Single by Three 6 Mafia featuring Chamillionaire

from the album Last 2 Walk (intended)
- Released: January 2, 2007
- Recorded: 2006
- Genre: Gangsta rap
- Length: 4:18
- Label: Columbia; Sony;
- Songwriter(s): Paul Beauregard; Jordan Houston; Hakeem Seriki;
- Producer(s): DJ Paul; Juicy J;

Three 6 Mafia singles chronology
| "Side 2 Side" (2006) | "Doe Boy Fresh" (2007) | "Like Money" (2007) |

Chamillionaire singles chronology
| "King Kong" (2006) | "Doe Boy Fresh" (2007) | "Hip Hop Police" (2007) |

Music video
- "Three 6 Mafia - Doe Boy Fresh (Official Video) ft. Chamillionaire" on YouTube

= Doe Boy Fresh =

"Doe Boy Fresh" is a song by rap group Three 6 Mafia, originally the first single from their ninth studio album, Last 2 Walk, but was ultimately cut from the album. The final track listing does not include the song, possibly due to the numerous album delays. The song features Chamillionaire. The song was released on January 2, 2007 as a digital download single on iTunes but was leaked in December 2006. For unknown reasons, the single was removed from the iTunes Store in early 2009. However, the other singles cut from the album, "Like Money" and "Sugar Daddy" remain in the store.

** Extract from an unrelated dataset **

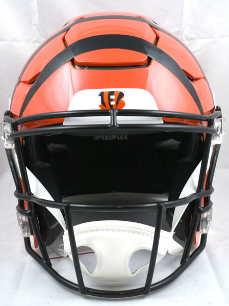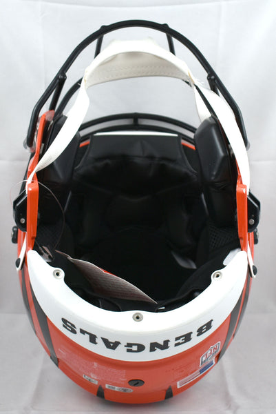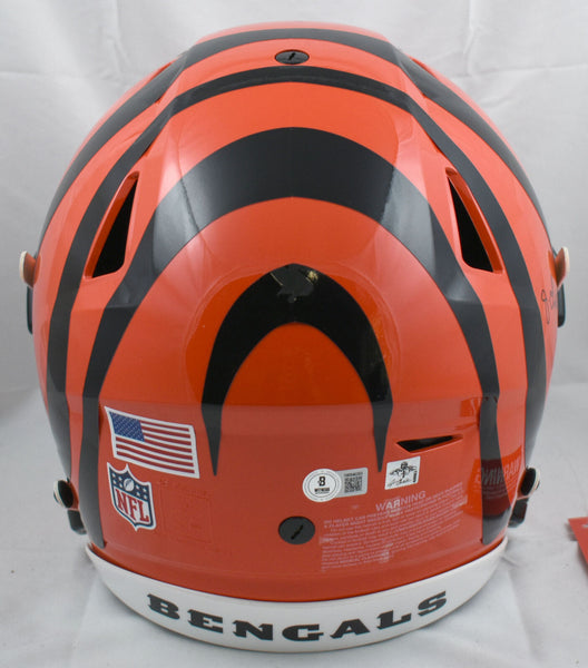 This is a hand autograph of Ja' Marr Chase of the Cincinnati Bengals on a Riddell Football Full Size Speed Flex Authentic Helmet. This item has a Beckett Witness Authentication, which comes with a numbered sticker hologram and a QR code for verification. You can view this item on the Beckett Authentication website and it shows when and where the item was signed. It was signed either at a public autograph appearance or a private signing. This is a stock photo of the item. Although you may not receive this exact item, the item you receive is virtually identical and brand new in great shape. This is a hand autograph of Ja' Marr Chase of the Cincinnati Bengals on a Riddell Football Full Size Speed Flex Authentic Helmet. This item has a Beckett Witness Authentication, which comes with a numbered sticker hologram and a QR code for verification. You can view this item on the Beckett Authentication website and it shows when and where the item was signed. It was signed either at a public autograph appearance or a private signing. This is a stock photo of the item. Although you may not receive this exact item, the item you receive is virtually identical and brand new in great shape.

The music video premiered on MTV.com on February 9, 2007. Travis Barker makes an appearance in the video, which contains various people briefly being either Three 6 Mafia or Chamillionaire. Actor Tom Bower, from Die Hard 2 and The Hills Have Eyes, makes an appearance as the first portal viewer. The style of the video is inspired by the 1999 film Being John Malkovich where, due to a strange portal, entered the life of the titled actor. There is also an alternate "Doe Boy Fresh" version with a verse by Project Pat. The single reached number 54 on the Billboard Hot 100. It reached RIAA gold certification status on July 27, 2007.

==Chart==

| Chart (2007) | Peak position |
|---|---|
| U.S. Billboard Hot 100 | 54 |
| U.S. Billboard Hot R&B/Hip-Hop Songs | 74 |
| U.S. Billboard Pop 100 | 60 |

==Certifications==

| Region | Certification | Certified units/sales |
| United States (RIAA) Mastertone | Gold | 500,000^{*} |
^{*} Sales figures based on certification alone.